Analysis of motor conduction velocity in the human median nerve by computer simulation of compound muscle action potentials

Abstract

A digital computer was used to reconstruct compound muscle action potentials recorded from the human thenar eminence after stimulation of the median nerve. The programme allowed the following parameters to be varied: (1) the dimensions of a representative single motor unit potential; (2) the number of motor units in the muscle and the range and distribution of conduction velocities in their nerve fibres; and (3) the distance along the nerve from the point of stimulation to the muscle. The reconstructed compound muscle action potentials were similar to real compound potentials recorded from normal subjects. The number of single motor units and the range of conduction velocities required for the reconstruction correlated with quantitative histologic studies of the recurrent branch of the median nerve to the thenar muscles.

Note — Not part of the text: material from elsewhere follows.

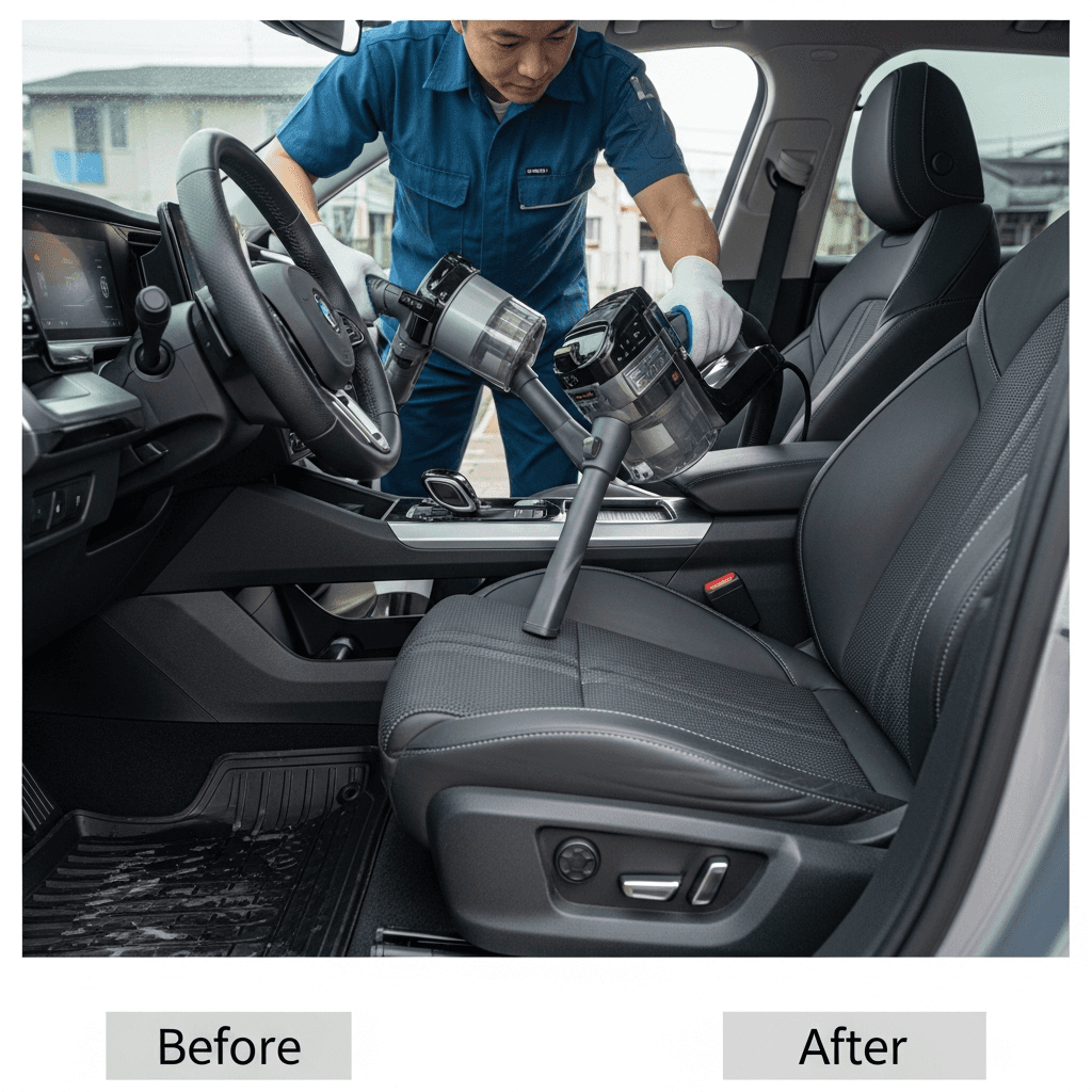 EQAは第一印象が査定の8割を決めます。シート隙間のゴミ除去、マット洗浄、樹脂パーツ艶出しで新車級の清潔感に。特に臭いゼロなら「禁煙車」扱いで+5~8万円UP。

By altering the distribution of conduction velocities it was possible to study the effect of abnormal patterns of nerve conduction on the configuration of the simulated compound muscle action potentials. It was found that abnormally slow conduction caused an increased discrepancy between the main parameters of compound potentials corresponding to stimulation of the nerve at proximal and distal sites. These observations suggest that a careful analysis of the differences between pairs of compound muscle action potentials may provide a method for more detailed assessment of conduction velocity in clinical studies of peripheral nerve disorders.